Communication is a primary and essential skill for educational and social success (communication bill of rights). The department is committed to ensuring that all students have a proficient and functional means of communication to ensure academic, social, vocational, and post-secondary success. Communication can be verbal speech or language supported through the use of augmentative and alternative communication systems or devices.


Speech-Language Survey Caseload Summary Public Report 2022

The department submitted the Speech-Language Survey Caseload Summary Report 2022 to the House and Senate Education Committees on January 14 to comply with Public Chapter 34. The report is a summary of statewide data collected from surveyed LEA directors and speech-language pathologists across Tennessee on the staffing sufficiency of licensed speech-language pathologists in public schools and their respective workloads.

Disabilities in Speech and/or Language

Students with communication impairments may have significant academic and social challenges due to the multitude of possible impacts from the communication deficit. Potential issues include:

  • difficulty mastering early literacy skills,
  • not understanding classroom directions,
  • challenges engaging in meaningful classroom and peer discussions,
  • trouble answering questions,
  • disorganized stories or oral explanations,
  • frequent grammatical errors when speaking,
  • limited vocabulary, and
  • challenges with peer relationships due to inappropriate social behaviors.

Speech or language impairments are both educational disability categories in Tennessee, for which eligibility standards have been established by federal and state rules. The department’s Speech or Language Impairment Evaluation Guidance can be found on the special populations evaluation & eligibility web page.

Speech Language Pathology (SLP) Services in the School

SLP services in schools are provided to students who are eligible under IDEA through the disability identification of speech or language impaired. Additionally, SLP services may be a related service provided to students who are eligible under at least one other disability category, and the IEP team has determined that speech or language services are required for that student (34 CFR 300.34).  

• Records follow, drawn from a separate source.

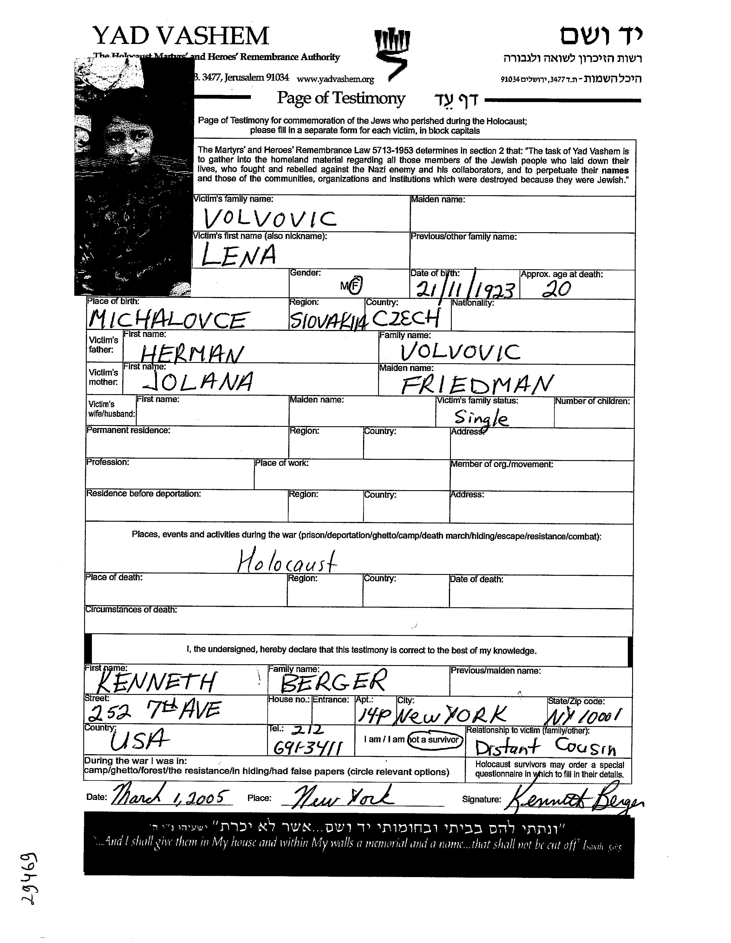 Volvovic Lena 1923 endroit inconnu, Feuille de témoignage
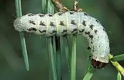 Larvae feed on various plants depending on range. These include Pseudotsuga menziesii, Abies amabilis, Abies grandis, Tsuga heterophylla, Purshia tridentata, Corylus cornuta, and Fraxinus latifolia.[3][1][4]
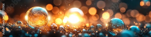 The watermark will not be included on Wall mural.: Golden light and bokeh background with abstract glowing, sparkling particles, and defocused circles

Special education is not a place, but an intensive intervention. Therefore, SLP services, like all other special education services, should be delivered in the students’ least restrictive environment (LRE) to the greatest extent possible. Each student’s unique communication needs must be considered by the IEP team to determine the most appropriate placement for the delivery of services. For this reason, SLP services may be provided along a continuum, which include indirect or consultative services, support within the general education setting, pull-out to a speech therapy room or other special education setting, co-teaching with classroom teachers and other support staff, community-based teaching, or serving students in the most restrictive settings, such as a residential facility.

Speech is how we say the sounds and words in our language. In the state of Tennessee, a child may be identified with a speech impairment in one of three areas related to speech:


An articulation, or speech sound impairment refers to the misproduction of individual speech sounds which impact overall intelligibility.

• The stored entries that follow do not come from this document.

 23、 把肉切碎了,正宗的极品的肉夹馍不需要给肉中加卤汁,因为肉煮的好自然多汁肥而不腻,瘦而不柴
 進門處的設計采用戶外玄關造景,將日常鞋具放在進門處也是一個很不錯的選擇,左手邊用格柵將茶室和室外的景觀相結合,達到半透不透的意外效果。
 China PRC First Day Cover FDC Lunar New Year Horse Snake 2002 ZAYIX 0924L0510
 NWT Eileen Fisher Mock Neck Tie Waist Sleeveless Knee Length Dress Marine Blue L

A fluency impairment, refers to episodes of interruptions in the rhythm of speech, often heard as repetitions of sounds and words, unnatural rate of speech, or blocks in the flow of speech. Stuttering it a type of fluency impairment.

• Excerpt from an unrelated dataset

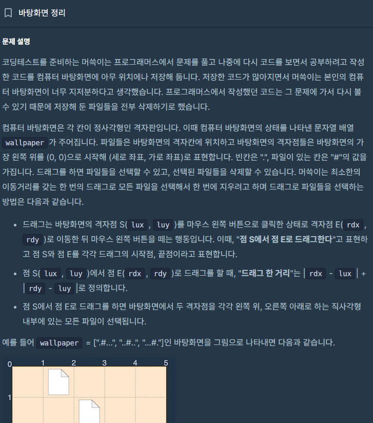 최솟값의 좌표와 최댓값의 좌표의 값으로 사용할 minX, minY, maxX, maxY를 선언했다. 그 뒤 min값들에는 가장 높은 값을 넣어주고, max값들에게는 가장 낮은 값을 초기화해 줬다. 그 뒤 for문을 사용해서 wallpaper안의 모든 값을 비교하도록 했고, wallpaper배열 안의 문자가 #일 때 실행하도록 했다. minX는 minX와 i 중 낮은 값, minY는 minY와 j 중 낮은 값, maxX는 maxX와 i 중에 높은 값, maxY는 maxY와 j 중에 높은 값으로 지정했다. 그 뒤 answer에 4가지의 값을 넣어준 뒤 반환하면 된다. 맥스값에 +1씩 해준 이유는 끝점을 잡아야 하기 때문에 +1씩 해서 좌표를 올바르게 선언해 줬다.

A voice impairment refers to excessive deficiency in the pitch, intensity, resonance or quality of the vocal mechanism due to chronic misuse or structural abnormalities.

Language is the system we use, either with words, gestures, or symbols, to communicate our thoughts and needs. Language systems have rules about the use of words, symbols, structures, and social and cultural expectations. A language impairment impacts listening and/or speaking in one or more of the following areas:


The structure and organization of language, which includes the sounds and sound combinations, and grammatical rules at the word and sentence levels.

  • Phonology – the perception of sounds and sound patterns of a language. Phonological skills are essential building blocks for reading and spelling.
  • Morphology – the structure of words and word parts, which provide meaning, such as plurals, verb tenses, suffixes, prefixes, etc.
  • Syntax – the organization and structures of sentences in a grammatical way.


The meaning of language at the word and sentence level, often broadly described as vocabulary.

  • Semantics - the content or meaning of words, phrases and sentences, including concepts, categories, multiple meaning words, synonyms, antonyms, ambiguous and figurative language, etc.


How language is used across settings and partners following social and cultural rules and expectations.

  • Pragmatics – often referred to as social language. Pragmatic language includes following the expected uses and rules of language in various communicative settings. It requires a child to interpret and adjust verbal and nonverbal (e.g., tone of voice, gestures, facial expressions) communication based on the expectations of a situation or partner.